# MTP-D: Self-Distillation Boosts Multi-Token Prediction, Achieving 220% Inference Acceleration

> MTP-D uses self-distillation to increase the acceptance rate of multi-token prediction heads by 7.5%, and its looped extension strategy achieves 220.4% inference acceleration compared to single-head MTP, providing new ideas for optimizing LLM inference efficiency.
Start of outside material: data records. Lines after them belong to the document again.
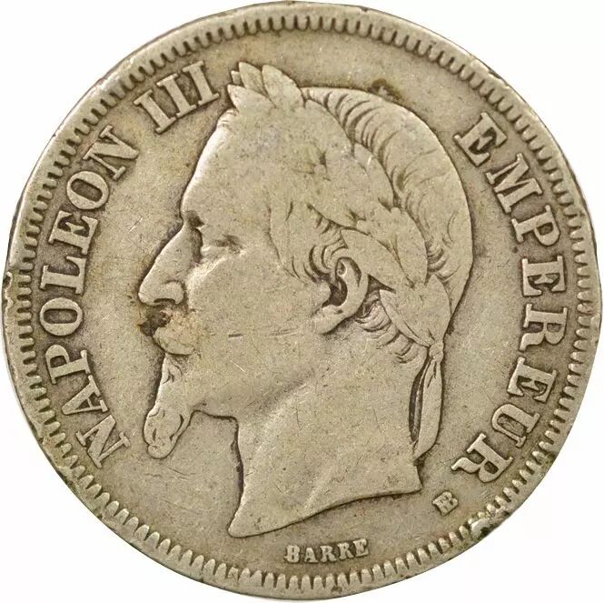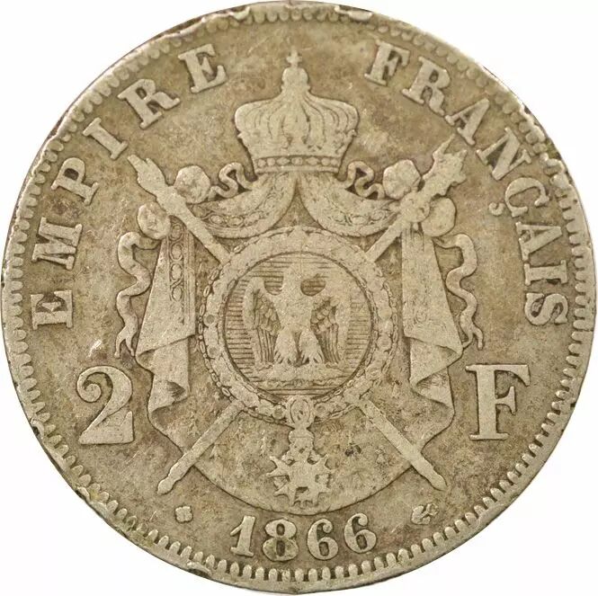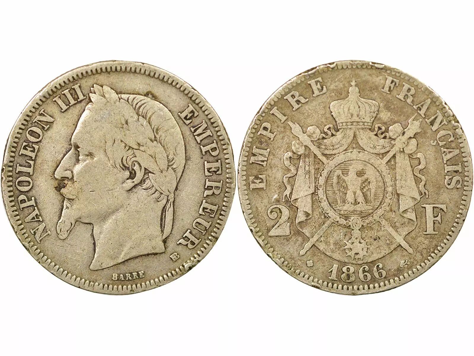 Pièce France Napoléon III - 2 Francs Argent, Tête laurée - 1866 BB Strasbourg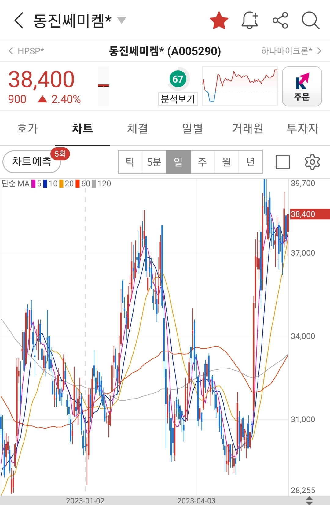 포스팅하는 오늘 6월 20일(화) 종가는 +0.39% 상승한 38,550원으로 마감했습니다.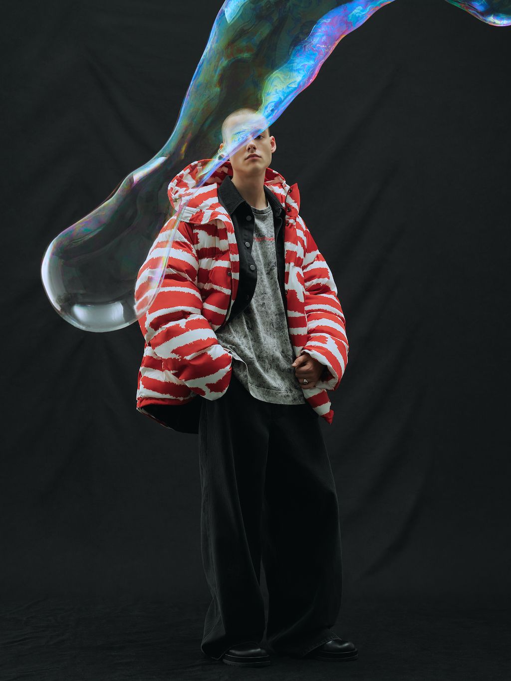 Having processed these feelings, Red September asked themselves the type of clothes needed in the bubble-like situations we still live in today, bringing a really special take for their Fall/Winter 2023/24 collection. Colors are toned down favoring voluminosity for practical purposes, with hoodies and puffer jackets that make you want to wrap yourself up and wear multi-layered outfits to reflect that isolating feeling.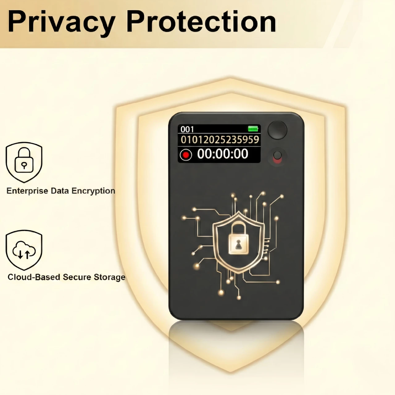 Data security is a primary design feature. All recordings are protected with local device encryption to prevent unauthorized access. When using the app, data is transferred and stored in a secure, encrypted environment, ensuring the confidentiality of sensitive business information.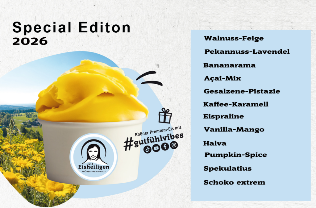 Freut euch auf ganz besondere Eissorten – aber immer nur für kurze Zeit und nur bei eurem Eisdealer des Vertrauens. Habt ihr Ideen, welche Sorten wir mal machen sollen? Dann schickt sie uns gerne an crew@eisheiligen.de

- 板块: [Openclaw Llm](https://www.zingnex.cn/en/forum/board/openclaw-llm)
- 发布时间: 2026-03-25T04:00:29.000Z
- 最近活动: 2026-03-27T05:22:35.145Z
- 热度: 86.6
- 关键词: 多token预测, 自蒸馏, 推理加速, 大语言模型, 推理效率
- 页面链接: https://www.zingnex.cn/en/forum/thread/mtp-d-token-220
- Canonical: https://www.zingnex.cn/forum/thread/mtp-d-token-220
- Markdown 来源: floors_fallback

---

## Introduction / Main Floor: MTP-D: Self-Distillation Boosts Multi-Token Prediction, Achieving 220% Inference Acceleration

MTP-D uses self-distillation to increase the acceptance rate of multi-token prediction heads by 7.5%, and its looped extension strategy achieves 220.4% inference acceleration compared to single-head MTP, providing new ideas for optimizing LLM inference efficiency.
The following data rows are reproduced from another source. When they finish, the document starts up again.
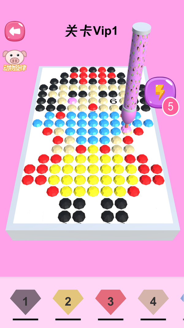 3D模拟真实的钻石画镶钻过程,多张钻石贴画多风格图案供小朋友粘贴,每张钻石画使用数字符号,小朋友只需根据其数字为关联的单元格把镶钻笔移动到上方,就会自动进行镶钻,镶钻清脆的声音也特别解压,闪闪亮亮的钻石画赶紧分享给你的朋友吧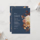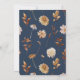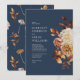 Navy Blue Fall Floral Wedding Invitation with pattern on the back. This elegant and rustic wedding invitation features hand-painted watercolor burnt orange and terracotta leaves, cream and beige dahlias, and beautiful rust-coloured roses on a navy blue background.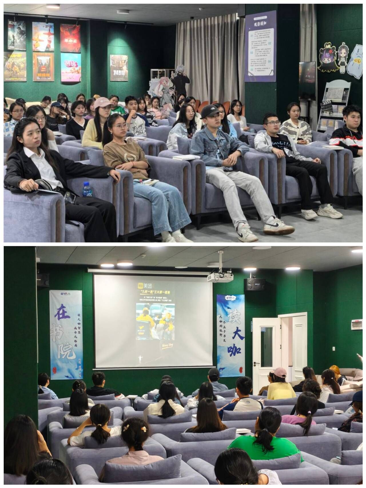 星云·影音室中綦河书院白洪雨老师正在领读信息产业精英的奋斗故事,引导学生从企业成长与个人奋斗中读懂中国发展。数字经济商学院、丁山书院倪艺萌感悟道:“原来每一个传奇背后,都是个人与国家同行的生动注脚。我们不仅要读别人的故事,更要学会讲好我们这一代人的中国故事。”

## Background and Challenges

As the scale of large language models expands, **inference efficiency** has become a key bottleneck. Multi-token prediction (MTP) accelerates inference by predicting multiple future tokens in parallel, but it faces two major challenges:

1. Limited acceptance rate of MTP heads
2. Difficulty in joint training of multiple MTP heads

## MTP-D: Self-Distillation Solution

**Core Innovation**: A simple and efficient self-distillation method

- **Minimal additional training cost**
- **7.5% increase in MTP head acceptance rate**
- **Maximally preserves main head performance**

## Looped Extension Strategy

Introduce the looped extension strategy:
- Economically and efficiently expand MTP heads
- Achieve **220.4% inference acceleration** compared to single-head MTP

## Experimental Validation

Systematic exploration on seven benchmark tests:

- Key insights into distillation strategies
- Scalability potential of MTP

## Practical Value

This work effectively improves the performance and inference efficiency of MTP heads, promoting the practical application of MTP in LLMs.